When you reach the line holding "Snap-on Tools 12-Piece" in the material below, return that line and each one after it, word for word, with the pictures dropped.

▬▬▬▬▬▬

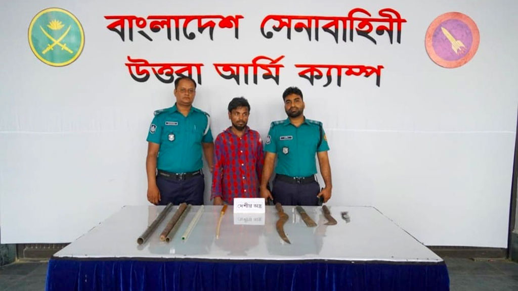 পরে উত্তরা আর্মি ক্যাম্প থেকে পাঠানো এক সংবাদ বিজ্ঞপ্তিতে এ তথ্য জানানো হয়েছে। সেনাবাহিনী জানিয়েছে, গোপন তথ্যের ভিত্তিতে উত্তরা ৮ নম্বর সেক্টরের বাইদা বস্তিতে অভিযান চালিয়ে কুখ্যাত অপরাধী ও শীর্ষ সন্ত্রাসী আলতাফের ডান হাত মোহাম্মদ আলীকে দেশীয় অস্ত্রসহ গ্রেপ্তার করা হয়েছে। তাঁর কাছ থেকে বিভিন্ন সাইজের চারটি ছুরি ও চাকু এবং তিনটি লোহার পাইপ, দুটি লাঠি জব্দ করা হয়েছে।
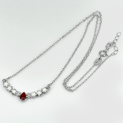 Beautifully Star Enamel Design Real 925 Sterling Silver Necklace Length 14 Inch.
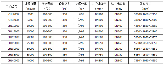 五、RCO催化燃燒處理設(shè)備型號及參數(shù)
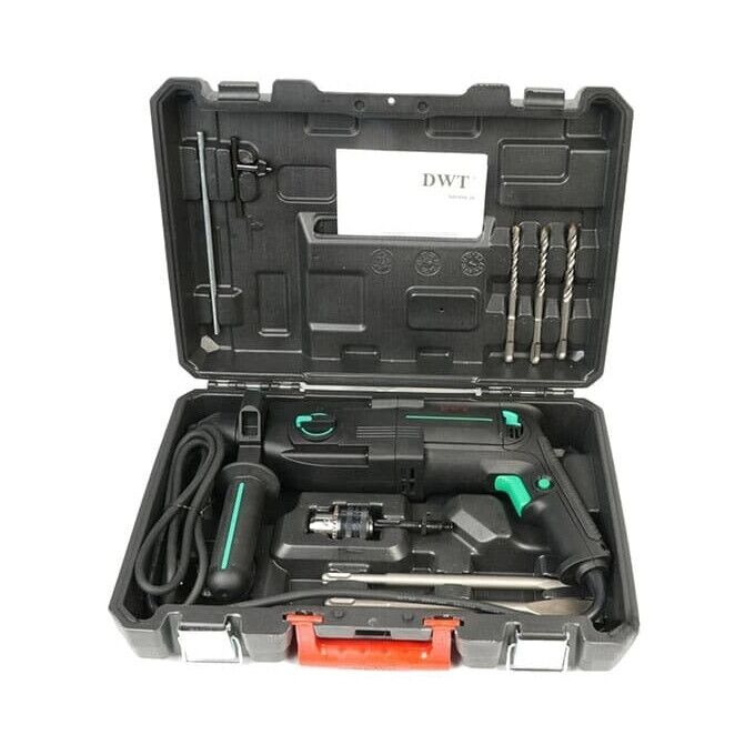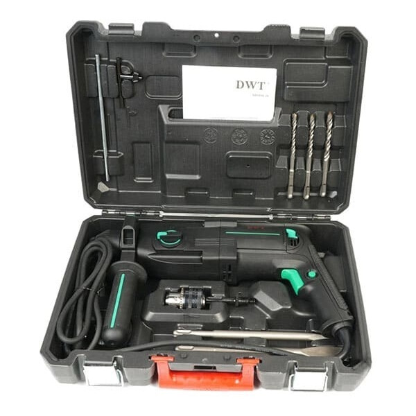 Адаптер, Документация, Зажимной ключ, Зубило пикообразное, Зубило плоское, Патрон, Пылеуловитель, Сверла 3шт.
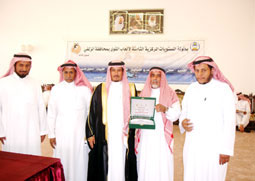تسلم الزميل أحمد الدويش من قسم التحرير بمكتب الجريدة بالزلفي درعاً تكريمياً من ميدان الفروسية في محافظة الزلفي سلمه رئيس مجلس إدارة ميدان الفروسية محافظ الزلفي الأستاذ زيد بن محمد آل حسين و بحضور مدير عام النادي الأستاذ محمد بن حمد البدر وذلك نظير الجهود التي بذلها المكتب في تغطية السباقات التي أقامها الميدان خلال الموسم الفروسي الحالي.
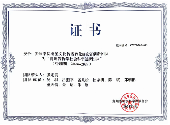 贵州省屯堡文化研究中心荣获“贵州省哲学社会科学创新团队”荣誉称号
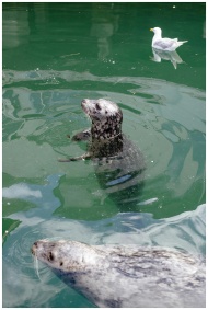 Close-up of playful harbor seals swimming alongside a curious seagull in vibrant water.
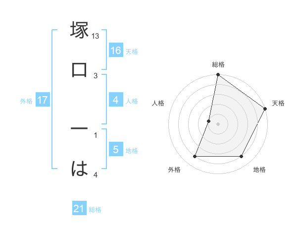 塚口 一はさんの総格は21画の5点!
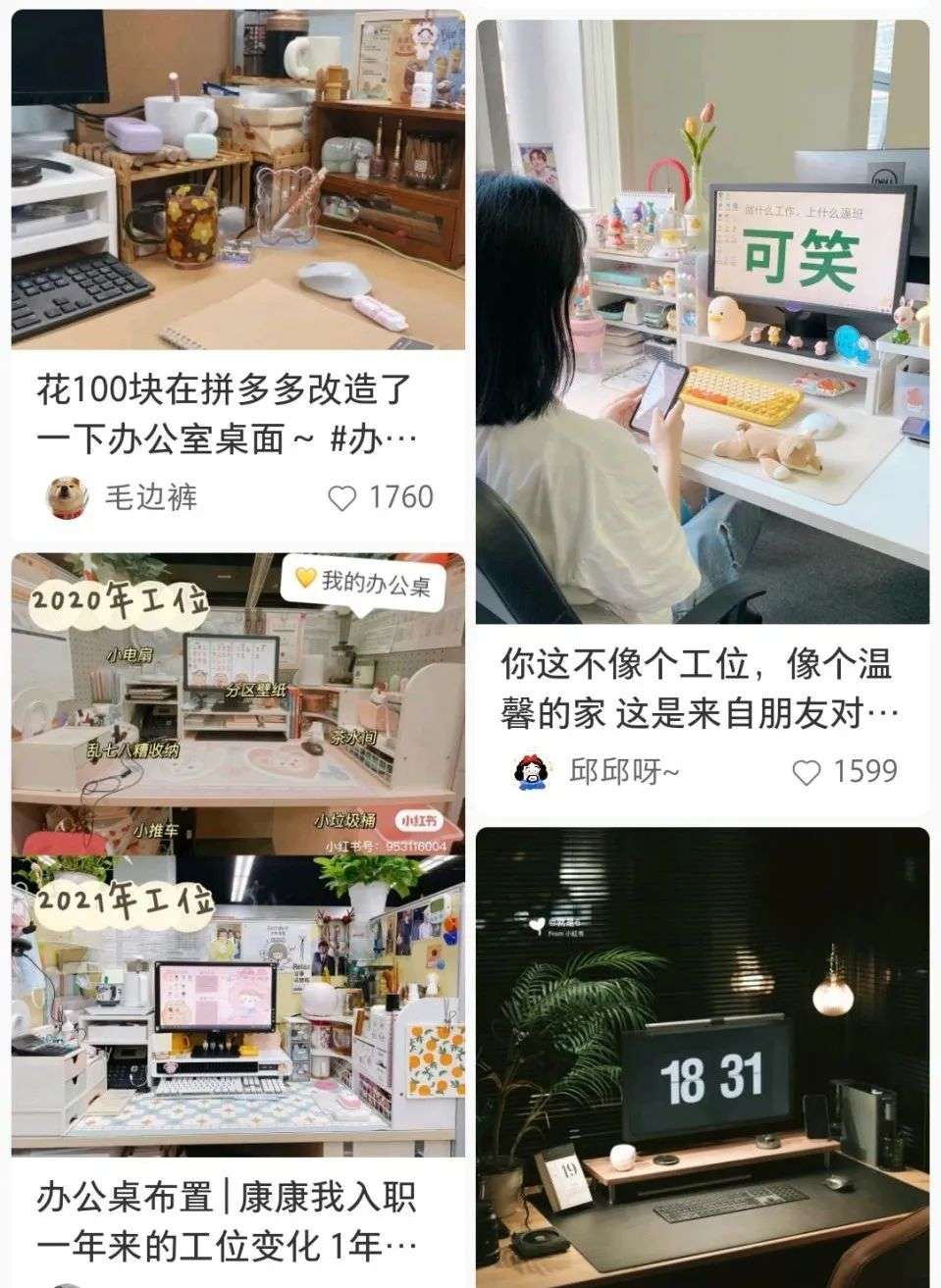 第三类:美学类。作为“摸鱼经济”的最高级形态,摸鱼美学已融入了年轻人的日常生活中。以工位为例。“桌搭“又被称为“桌面搭配”,是摸鱼美学江湖的重要流派。从桌垫、杯垫再到鼠标垫,从水杯、手办到小家电,季节不同,工位的色系也不同。作为打工人的另一个“家”,工位成了消费主义的另一大战场。
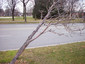 Description: A tree growing at a roughly 45 degree angle in the foreground, Frederick Street in the mid-ground, and numerous trees in front of Weber Park in the background.
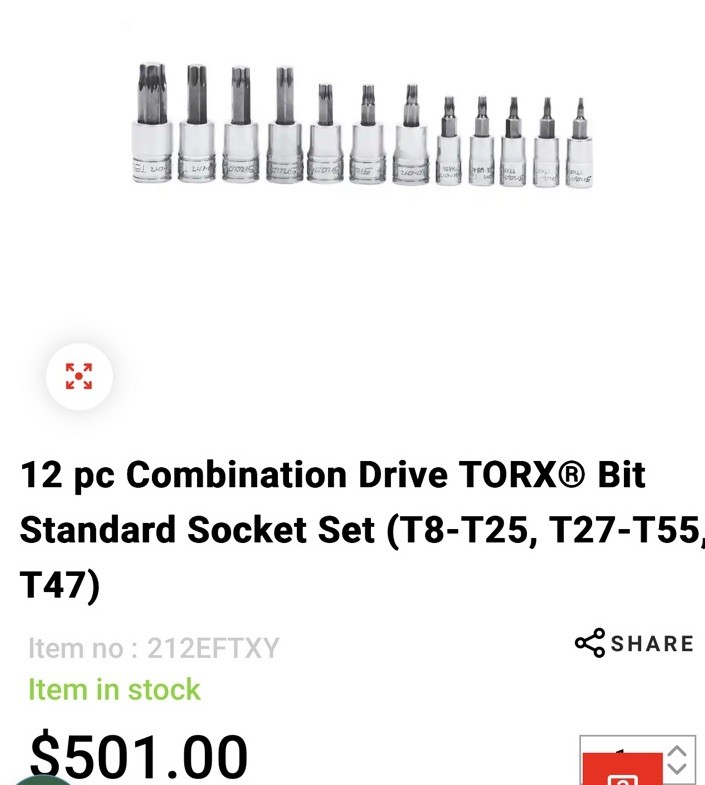 Snap-on Tools 12-Piece Torx Bit Socket Driver Set 212eftxy New (Retail 500.00 )
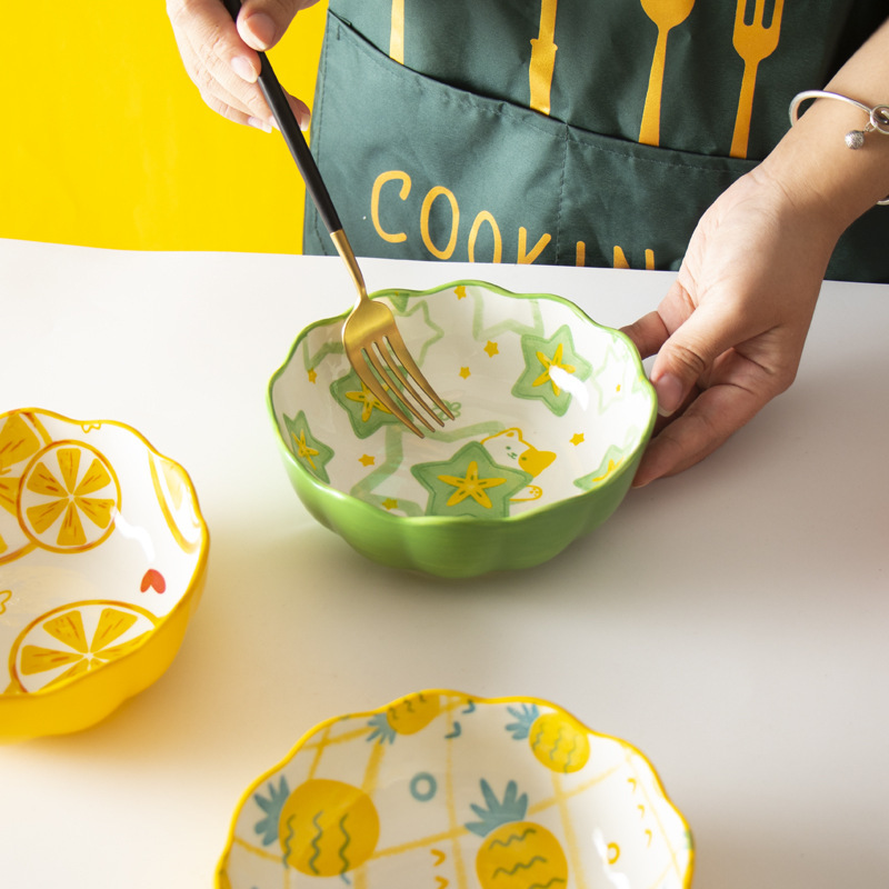 日本式の手描きのかわいいさくらんぼの小さい碗の家庭の創意の個性の陶磁器の碗の果物のサラダの碗のご飯の碗の蒸し碗の皿

▬▬▬▬▬▬

THE ANSWER ::
 Snap-on Tools 12-Piece Torx Bit Socket Driver Set 212eftxy New (Retail 500.00 )
 日本式の手描きのかわいいさくらんぼの小さい碗の家庭の創意の個性の陶磁器の碗の果物のサラダの碗のご飯の碗の蒸し碗の皿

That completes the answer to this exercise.